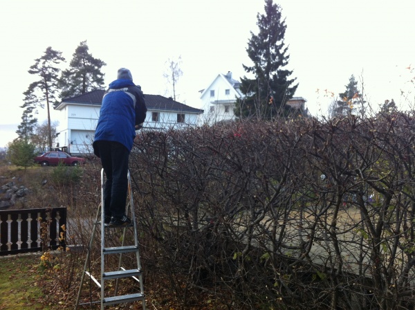 Idag er det hekken mot naboen som har fått seg en vinterklipp. Har lagt ved et illustrasjonsfoto som viser hvordan man ikke skal stå på en gardintrapp. Man skal altså ikke stå helt på toppen slik som jeg gjør her.
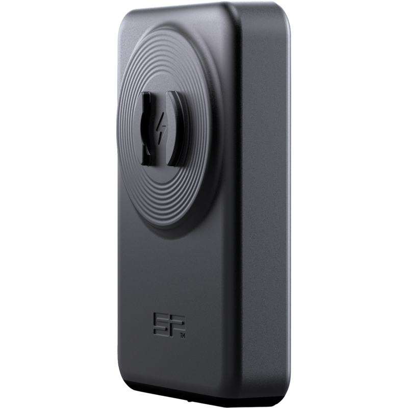 Compact wireless power bank with 10W output and 5,000mA capacity. Connects to your SPC+ phone case with the twist-to-lock mechanism for wireless charging. Recharges via USB.
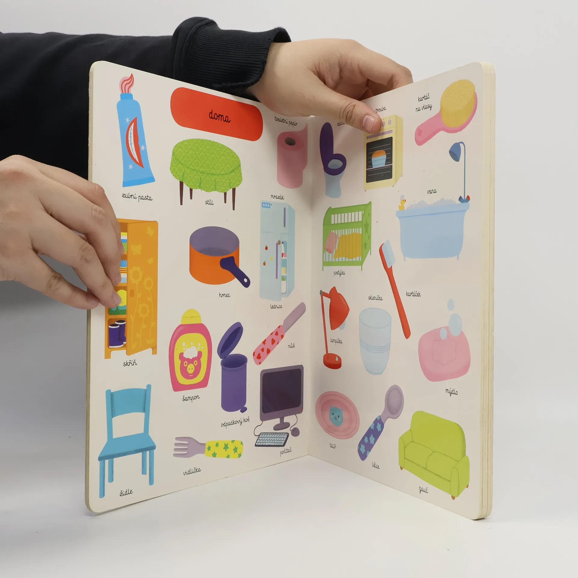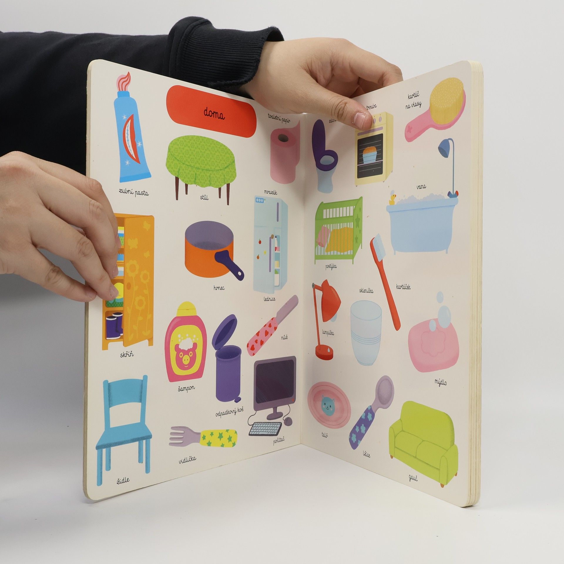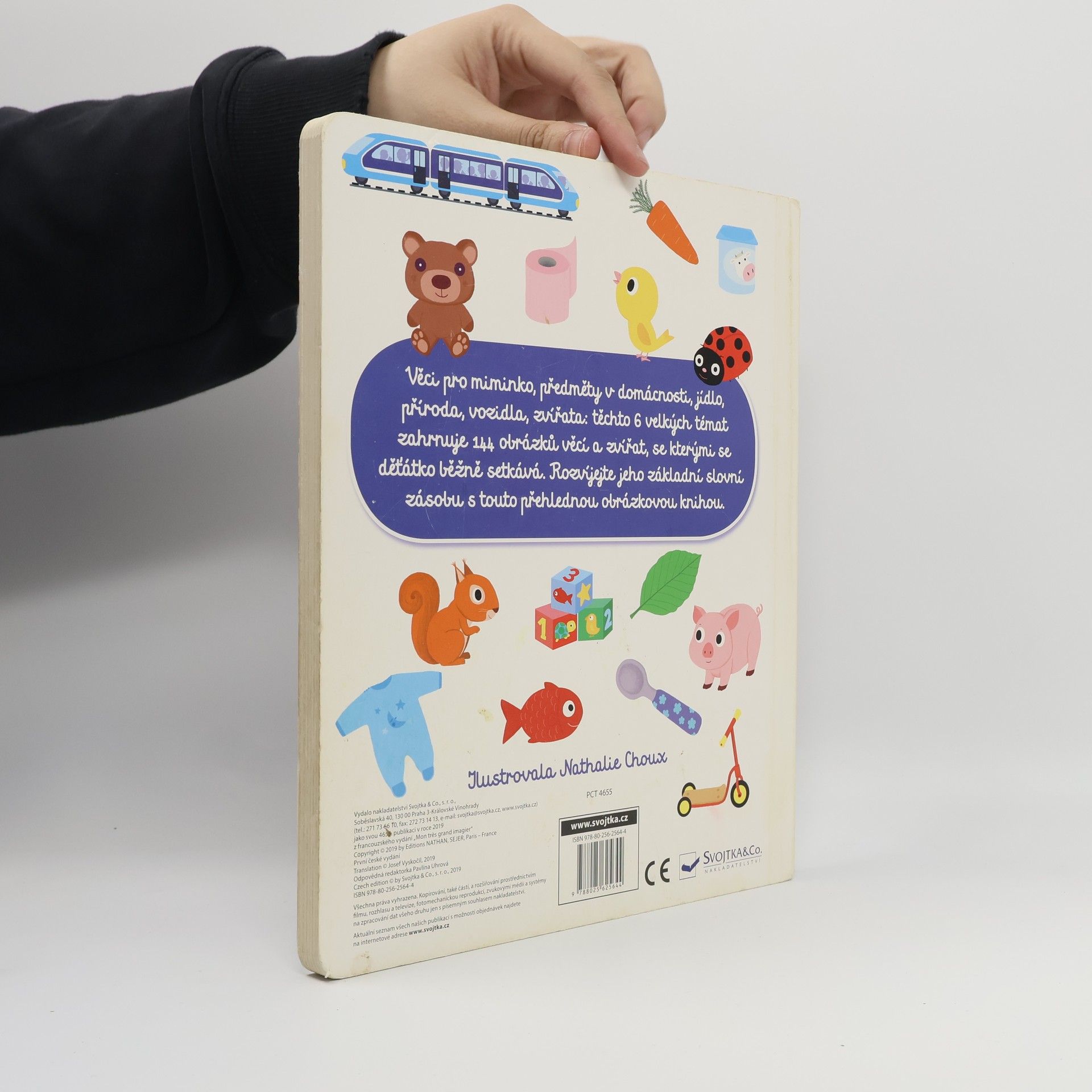 Se kterými předměty se potkáváš nejčastěji? Jsou to tvé hračky, tvé oblečení nebo tvé oblíbené jídlo? A umíš je všechny správně pojmenovat? V této knížce si děti pomocí jednoduchých názorných ilustrací osvojí základní slovní zásobu. Naučí se rozeznávat jednotlivé kusy oblečení, zvířata i dopravní prostředky, které mohou vídat na ulicích. Je určena opravdu těm nejmenším "čtenářům", kteří se teprve učí poznávat svět pomocí pojmenovávání běžných jevů v něm. S pomocí rodičů se může stát první nejmilejší knihou, díky níž si děti do budoucna vybudují kladný vztah ke čtení.

**Problem description**
Leaving every picture out, write out exactly the lines from the beginning of the listing above to the line with "Compact wireless power", inclusive.

**Answer space**
 Idag er det hekken mot naboen som har fått seg en vinterklipp. Har lagt ved et illustrasjonsfoto som viser hvordan man ikke skal stå på en gardintrapp. Man skal altså ikke stå helt på toppen slik som jeg gjør her.
 Compact wireless power bank with 10W output and 5,000mA capacity. Connects to your SPC+ phone case with the twist-to-lock mechanism for wireless charging. Recharges via USB.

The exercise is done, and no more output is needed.